John Allan Hobson | |
Birth Date: | 3 June 1933 |
Field: | Psychiatry and dream research |
John Allan Hobson (June 3, 1933 – July 7, 2021[1]) was an American psychiatrist and dream researcher. He was known for his research on rapid eye movement sleep. He was Professor of Psychiatry, Emeritus, Harvard Medical School, and Professor, Department of Psychiatry, Beth Israel Deaconess Medical Center.
Hobson grew up in Hartford, Connecticut.[2] In 1955 he obtained his A.B. degree from Wesleyan University. Four years later he earned his MD degree at Harvard Medical School in 1959.
For the following two years he interned at Bellevue Hospital Center, New York. Then in 1960, he was a resident in Psychiatry at Massachusetts Mental Health Center in Boston for a year. Hobson then traveled to France where he was a Special Fellow of the National Institute of Mental Health for the Department of Physiology at the University of Lyon.
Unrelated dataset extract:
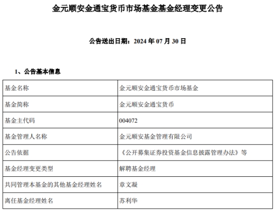 苏利华离任金元顺安金通宝货币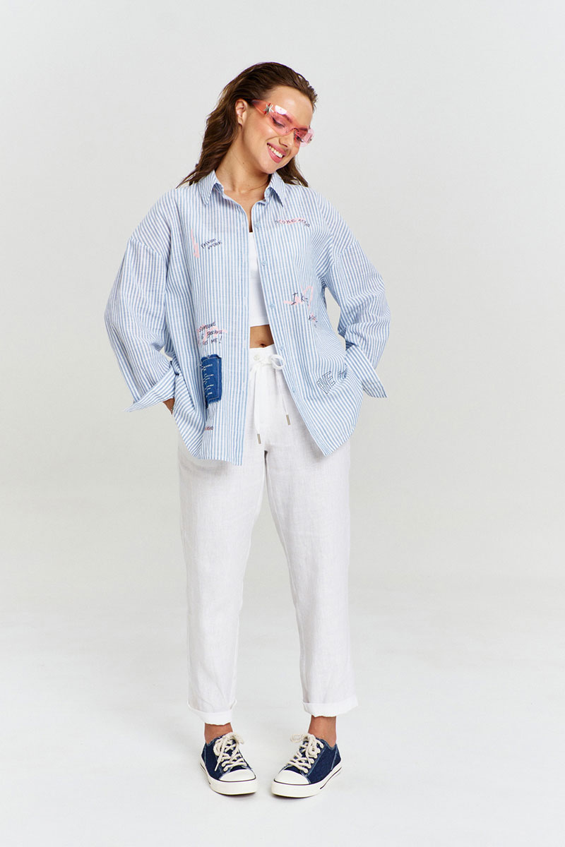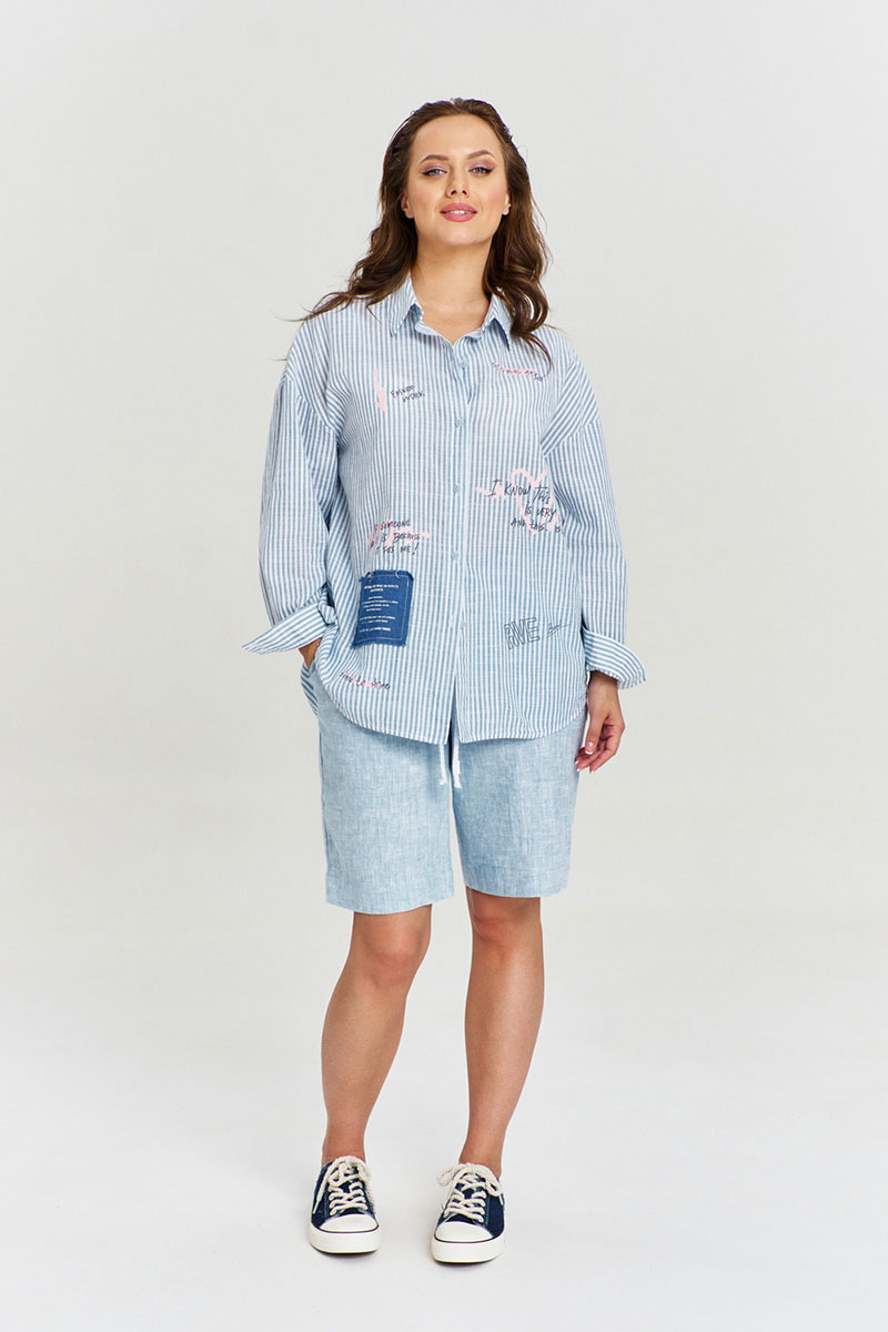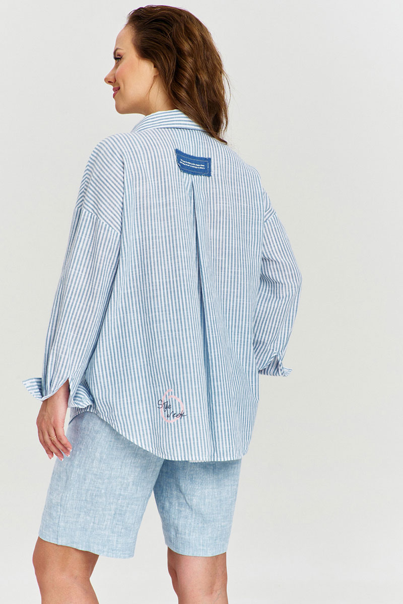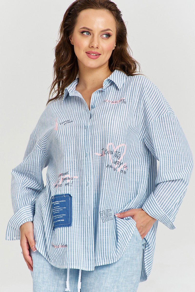 Рубашка из 100% хлопковой ткани в полоску, свободного силуэта, со спущенной линией плеча и длинным рукавом с манжетой. Застежка спереди на пуговицы. Спинка с глубокой встречной складкой. Воротник рубашечный. Изделие декорировано авторскими принтами и джинсовыми нашивками с необработанными срезами.

Upon returning to the United States, he went back to the Psychiatry at Massachusetts Mental Health Center in Boston until 1966.
He worked in numerous hospitals and research laboratories over the years and became the Director of the Laboratory of Neurophysiology at the Massachusetts Mental Health Center.[3]
Hobson received four awards for his work:[2]
Hobson's sense of humor was shown in such quips as: “The only known function of sleep is to cure sleepiness".[4]
See also: Activation-synthesis hypothesis. In addition to his many paid appointments, Hobson was actively involved with four groups relating to his neurological sleep research: the Society Memberships, the Society for Neuroscience, the Society for Sleep Research, the AAAS, and the International Association for the Study of Dreams (IASD), for which he used to be president.[5]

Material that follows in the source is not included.